Based on the above description, this application provides a test code repair method. This method combines template matching repair technology and language model repair technology to achieve comprehensive repair of test code. The template repair technology relies on preset repair templates and can quickly locate and repair common error types. The language model repair technology utilizes advanced language models to generate more accurate and complex repair solutions by analyzing error information and code context. Therefore, the test code repair method of this application is not only suitable for repairing specific types of errors but can also handle various complex error scenarios, providing more intelligent and flexible repair strategies, and has strong versatility and adaptability. This method can significantly improve the automation level of test code repair, reduce manual intervention, accelerate the iteration speed of software development and testing, and improve the overall quality of software.

It should be noted that the embodiment shown in Figure 2 illustrates how language model repair is used as a supplementary means to further improve the success rate of test code repair when template matching repair fails. To further improve the repair success rate, the code development platform can also provide template matching repair-related information, such as second repair code or intermediate template matching results, as part of the context information to the language model, thereby generating more accurate first repair code. In some possible implementations, the code development platform 10 can also directly use the language model for test code repair, or directly use the repair template for test code repair; this application does not impose any limitations on this.

Next, we will use different error types as examples to illustrate test code repair based on repair templates. Error types can include missing class references (or compilation errors), assertion failures (assertion errors), or exceptions. Correspondingly, repair templates can include import repair templates, assertion repair templates, or exception repair templates. These will be explained in turn below.
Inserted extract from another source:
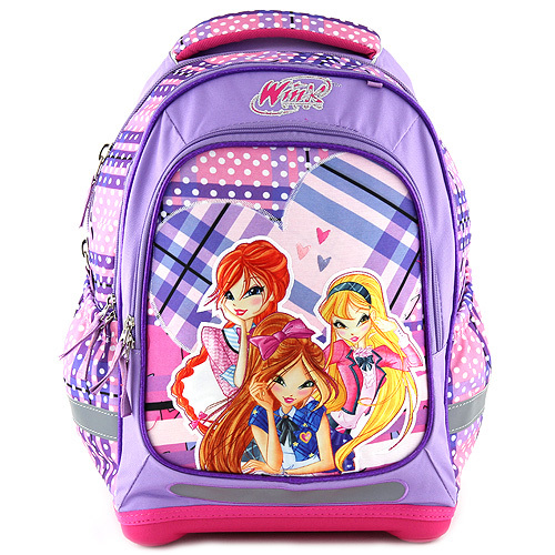 Perfektně zpracovaný batoh s vnitřním prostorem dvoukomorovým, kde druhá kapsa je oddělena přepážkou, bezpečně uzavíratelný na zip. Prostorná přední kapsa s praktickým organizérem oddělena přepážkou. Přední stranu zdobí potisk víl z Winx Clubu!Anatomicky tvarovaná záda s měkkou vnější vložkou a vnitřní kovovou výztuhou udržují stálý tvar batohu. Kapsy na láhev po obou stranách batohu. Nastavitelné a široké měkké ramenní popruhy pro maximální pohodlí. Reflexní prvky zajistí bezpečnost dítěte v silničním provozu. Anatomický systém zajistí prodyšnost. Vyztužené dno se čtyřmi kulatými podpěrami. Velké měkké poutko přizpůsobené dětské ruce a menší poutko na suchý zip. Parádní batoh, který udělá velkou radost všem mladším školačkám! Vhodný pro 1. a 2. třídu základní školy.Rozměry batohu: 44 x 30 x 16 cm. Váha batohu: 1 011 g.Materiálové složení: 100% polyester.

In some possible implementations, the error type of the error code includes missing class references, and correspondingly, the second repair code may include import statements. The code development platform 10 can determine the missing class name and construct a symbol index based on project dependency libraries, development tool libraries, or third-party libraries. The symbol index includes the fully qualified name of the accessible class. The fully qualified name, also called the fully qualified class name, usually refers to the fully qualified class name and typically includes the package path. For example, the fully qualified name of a Java class could be java.lang.String. The missing class name refers to the class name of the missing class reference. This class name is usually an unqualified class name, also called a short name, and typically does not include the package path or package name. For example, the unqualified class name of a Java class could be String. The code development platform 10 matches the missing class name with the symbol index to obtain the fully qualified name corresponding to the missing class name. Then, the code development platform 10 inserts this fully qualified name into the import repair template to obtain the import statement. The code development platform 10 can repair the test code using either incremental updates or full updates. In some examples, the second fix code can be incremental code, in which case it includes the aforementioned import statements. In other examples, the second fix code can be full code, in which case it can include test code and import statements. For example, code development platform 10 can insert import statements into test code to obtain the second fix code.

The import repair template is a strategy to fix "symbol not found" errors caused by missing class or interface imports during compilation. The core of this template is to identify missing class references and automatically insert the corresponding import statements. An example is provided below to illustrate this.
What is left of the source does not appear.